C₅₂H₅₂N₈O₂₀Zn₂ M_r = 1239.75, crystal dimensions 0.90 × 0.20 × 0.20 mm³, monoclinic, space group P2₁, a = 7.240(1), b = 21.628(3) Å, c = 16.859(2) Å, β = 91.636(6)°, V = 2638.7(5) ų, Z = 2, ρ_calcd = 1.560 g cm^–3, μ = 0.997 mm⁻¹, λ = 0.71073 Å (Mo Kα), T = 100(2) K, 5092 unique reflections out of 9145 with I > 2σ(I), 740 parameters, 825 restraints, 1.21 < θ < 24.90°, final R factors R1 = 0.0708 and wR2 = 0.1415, GOF = 1.007. Flack parameter: 0.31(5). CCDC: 1529612.
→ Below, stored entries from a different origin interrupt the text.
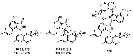 - Jiang, M.; Wu, Z.; Liu, L.; Chen, S. The chemistry and biology of fungal meroterpenoids (2009–2019). Org. Biomol. Chem. 2021, 19, 1644–1704. [Google Scholar] [CrossRef]
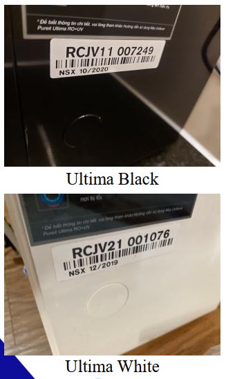 ***Lưu ý: Lõi Pureit Ultima màu đen model mới GKK1/GKK2 có số seri nằm trong khoảng từ RCJV11003051 đến RCJV11009999.
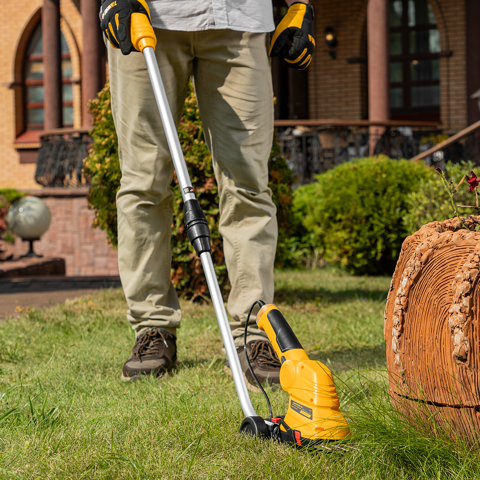 - Удобная эксплуатация — инструмент можно закрепить на телескопической штанге, регулируемой в диапазоне 800-1100 мм, что позволяет выполнять работы в труднодоступных местах.
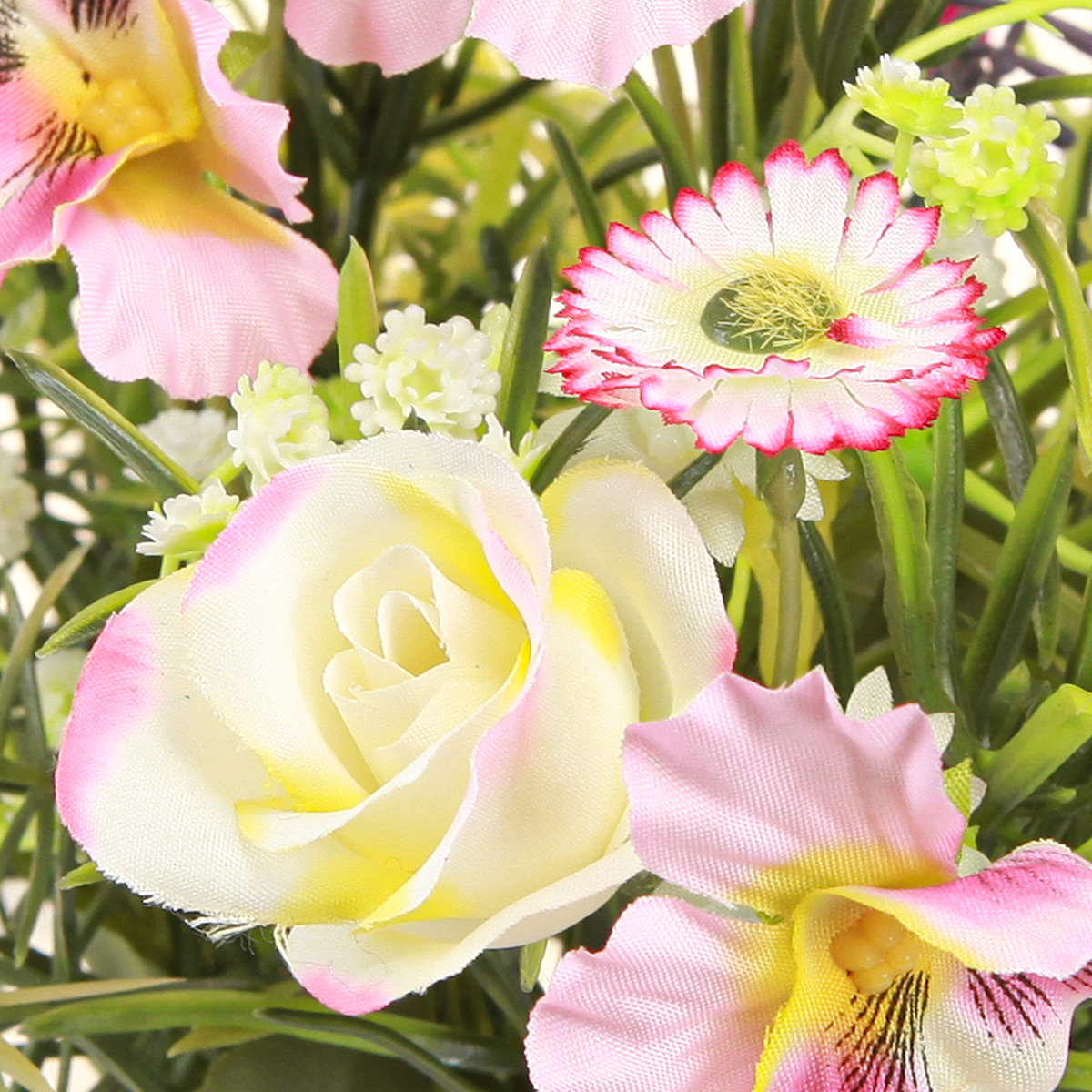 Varázsoljon romantikus hangulatot otthonába művészi kis művirág csokorunkkal. Ez a körülbelül 18 cm átmérőjű és körülbelül 25 cm magas varázslatos csokor mindenki figyelmét magára vonzza. Tavasszal és nyáron tökéletes asztaldísznek ez a mesterséges csokor, amely hosszan tartó alternatívát kínál a valódi virágokkal szemben, és évszaktól függetlenül teljes virágzásban marad. A krémszínű százszorszépek, sárga rózsák és lila levendula művészi keveréke frissességet és élénkséget kölcsönöz minden helyiségnek. A csokor mindenféle vázába tökéletesen illeszkedik, és könnyen beilleszthető különböző belső stílusokba, legyen az bohó, vintage vagy klasszikusan elegáns. A stílusos dizájn és a praktikus kezelés szimbiózisával ez a művirágcsokor dekoratőrök és virágüzletek kötelező darabjává válik.
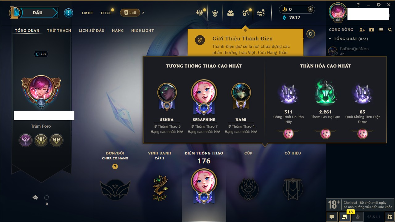 Rank Đơn: Chưa rank mùa nàoKhung: Chưa có khungTướng: 3 - Còn 34550 THXTrang Phục: 0Rank ĐTCL: Bạch Kim IVLinh Thú: 41

Model systems for calculations

The unit cell structures of homochiral and heterochiral AlaNDI-Zn SBCPs obtained from experimental XRD analysis were optimized by DFT calculation while keeping the experimental lattice parameters. Next, the surface systems were modeled by introducing the vacuum in the (100) direction, where the AlaNDI-Zn fragments were stacked. Note that to fill the dangling sites of Zn atoms, two AlaNDI-Zn ligands were added (i.e., 356 atoms). By Monte Carlo simulation, the initial binding configuration in a fixed loading of analytes (i.e., hydrazine, aniline, and chiral naproxen) were found by sequentially adding the analyte molecules on the bare AlaNDI-Zn surfaces. Subsequently, the optimized structures were obtained by full relaxation via the DFT calculation while keeping the crystallographic positions of all atoms in the AlaNDI-Zn surfaces.

DFT calculations

All DFT calculations were performed with DMol³ program^47,48 with the generalized gradient approximation with the Perdew–Burke–Ernzerhof functional⁴⁹, in which the semi-empirical Grimme scheme⁵⁰ for the dispersion correction was included. Spin-polarized calculations were performed with the basis set of DNP 4.4. DFT semi-core pseudopotentials were applied for all model sysems. The Brillouin-zone was sampled by a Monkhorst-Pack⁵¹ as Γ-point for all model systems. The convergence criteria for energy, force, and displacement were set as 1.0 × 10^–5 Ha, 0.002 Ha Å^–1, and 0.005 Å, respectively. The atomic charges were obtained from Mulliken population analysis⁵². For the DOS analysis, the smearing width was set to be 0.05 eV.

Monte Carlo simulations

Monte Carlo simulations with fixed number of analytes (i.e., hydrazine, aniline, and naproxen) were carried out by Sorption program⁵³ to find the preferential adsorption sites on AlaNDI-Zn surfaces. For the interaction energy parameters, Universal forcefield⁵⁴ was employed with atomic charges obtained from Mulliken population analysis. The systems were equilibrated for 1 × 10⁶ MC steps and analyzed for the next 1 × 10⁶ MC steps. The non-bond interactions, including electrostatic and van der Waals forces, were estimated by Ewald summation and atom-based cut-off (a radius of 12.5 Å) scheme.